Corporate memory, timelines and memolane

This week we had one of our quite rare all of CETIS staff meetings. During the discussions over the two days, communication and how to be smarter, better at sharing what we do amongst ourselves was a recurring theme. If you keep up with the CETIS news feed you’ll probably realise that we cover quite large range of activities and that’s only the “stuff” we blog about. It doesn’t represent all of our working activities.

This morning I was reminded of another time-based aggregation service called memolane. Being a bit of a sucker for these kind of things I had signed up to it last year, but actually had forgotten all about it. However I did have another look today and set up JISC CETIS account with RSS feeds from our twitter account and our news and features; and I was pleasantly surprised. The screenshot below gives an indication of the timeline.

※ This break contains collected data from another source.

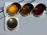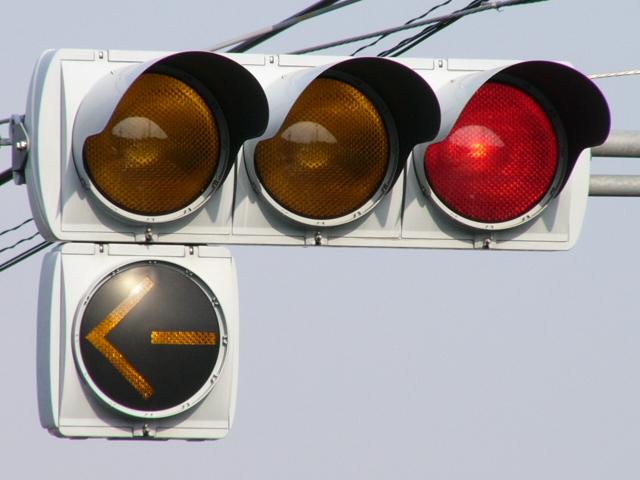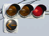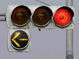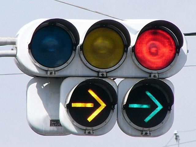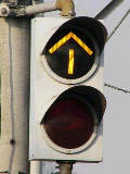 黄矢印信号のある信号交差点で使用されています。黄矢印が出ている時以外に点灯します。
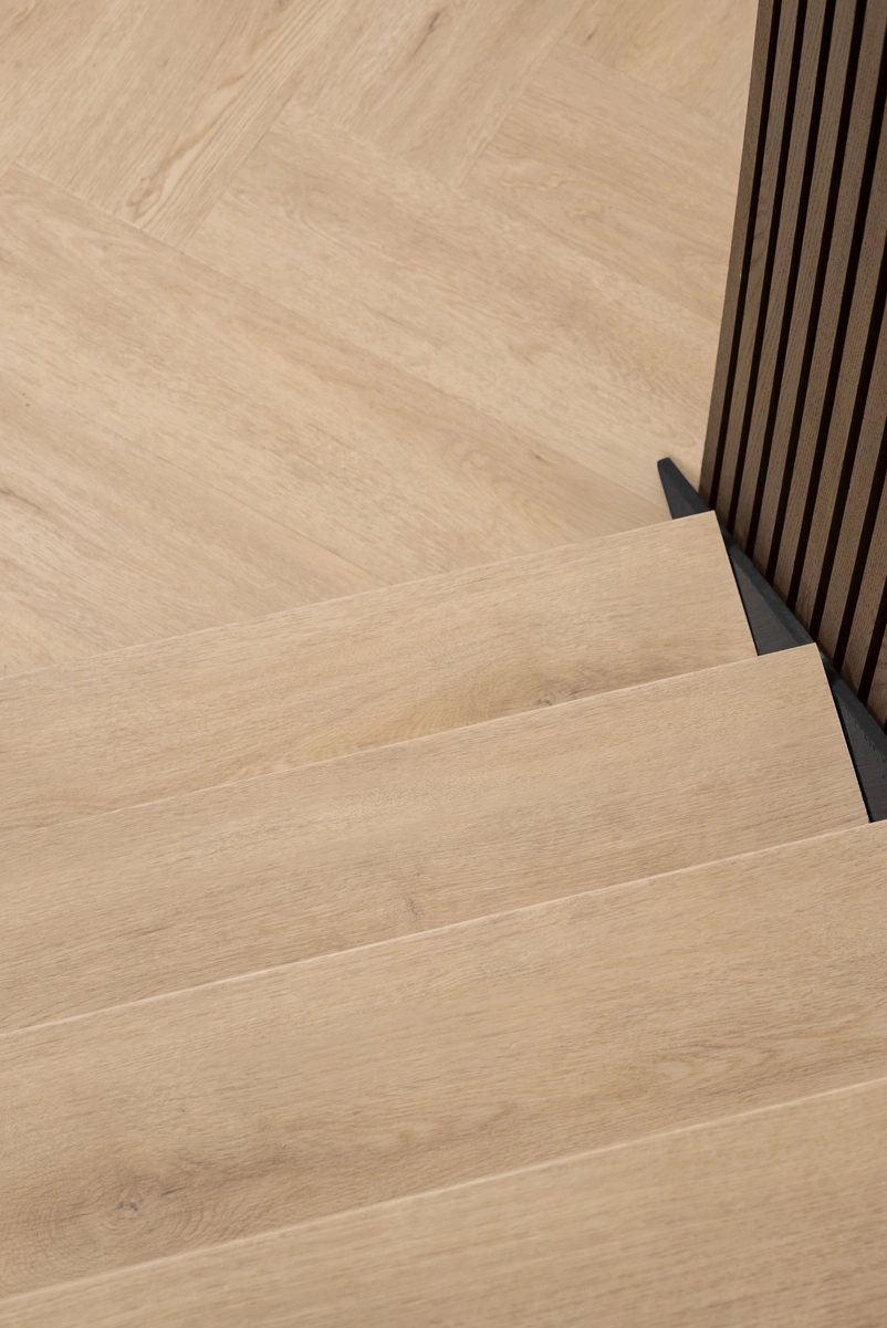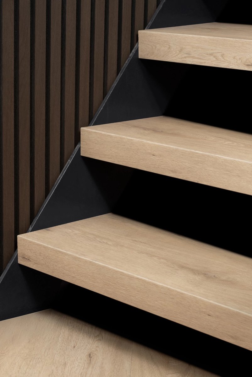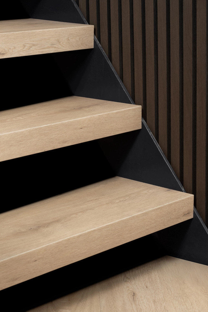 Dankzij de diepte van 66,5 cm en de afgeschuinde neuzen aan beide zijden, zijn deze ondertreden ideaal om een open- trap volledig te bekleden. De ondertreden zijn eenvoudig op maat te zagen, waardoor je twee panelen uit één trede haalt – perfect voor een efficiënte plaatsing. Combineer ze met bijpassende boventreden om de trap rondom af te werken. Heb je een extra lange traptrede nodig? Naast de 100 cm boventreden, zijn er ook 138 cm lange treden beschikbaar.
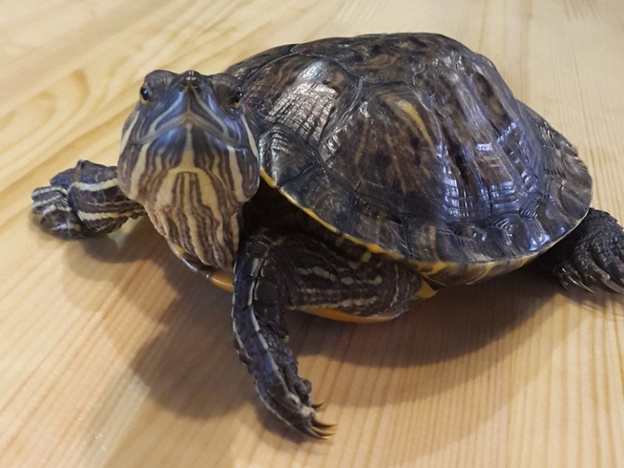 Майя, к неудовольствию уборщицы, наследила мокрыми лапами на столе и с моей помощью побежала искать другие приключения на свой панцирь.

JISC CETIS memolane timeline

JISC CETIS memolane timeline

The team at memolane have released embedding functionality, but as we are super-spam-conscious here our wordpress installation doesn’t like to embed things. I have to also add that the memolane team were super quick at picking on a tweet about embedding and have been really helpful. Top marks for customer service.

As a quick and easy way to create and share aspects of a collective memory of organisational activities and output, I think this has real potential. I also think that this could also be useful for projects as a collective memory of their activities (you can of course and multiple feeds from youtube, slideshare etc too). I’d be interested in hearing your thoughts – is this something that actually might only make sense for us and our funders? Or do you think this type of thing would be useful in a more visible section of the CETIS website?

**Update August 2011**

The embed feature now works!

10 thoughts on “Corporate memory, timelines and memolane

  1. Ooh look! I think this looks like an excellent way to provide a visual representation of the breadth of our work in any given area. I will have to write an OER Support Project final report later in the year and this could provide a very useful illustration of project outputs. I also think it could also be a really good way to get a quick overview of individual colleagues work.

  2. Hi Sheila,

    At UKOLN we are looking for a light-weight, easy-to-use service that could create an online events/wall planner type calendar thing. Memolane looks like a possible option. Am definitley going to investigate. Do you know of anything similar that is also worth looking at?

    Marieke

  3. Hi Sheila, this also looks as if it could be a useful tool in the e-portfolio-promoting-reflection space. Look back and see how something (or someone, particularly oneself!) has evolved / grown / developed over time, having the service do the time-based collation.

  4. Hi Simon

    Yes, there are a number of services which do this kind of aggregation but there is just something about the simplicity of this interface I particularly like.

    Sheila

  5. Hi Sheila,

    Thanks for sharing this. I have been looking for something like this for ages! I am going to test it immediately. And Simon, wouldn’t it be great if such a timeline could be generated automatically from the ePortfolio artefacts (or partly, as a basis that one could then reflect upon and improve)?

    Nadia

  6. My previous comment is not very clear, sorry. What I mean by “from the ePortfolio artefacts” is that the timeline would not only be populated by the artefacts themselves (as in Memolane) but, for example, by an aggregation of the topics or typical words used by the learner over a period of time. This would provide the learner with a visual representation of her/his understanding (as well as of her/his productions). This could be an interesting added-value to the affort of compiling and reflecting that the ePortfolio user is expected to embark on, which he could not easily manage to get otherwise. It should not however be a completely automatic process because seeing the resulting timeline, the learner might be interested in adjusting some elements.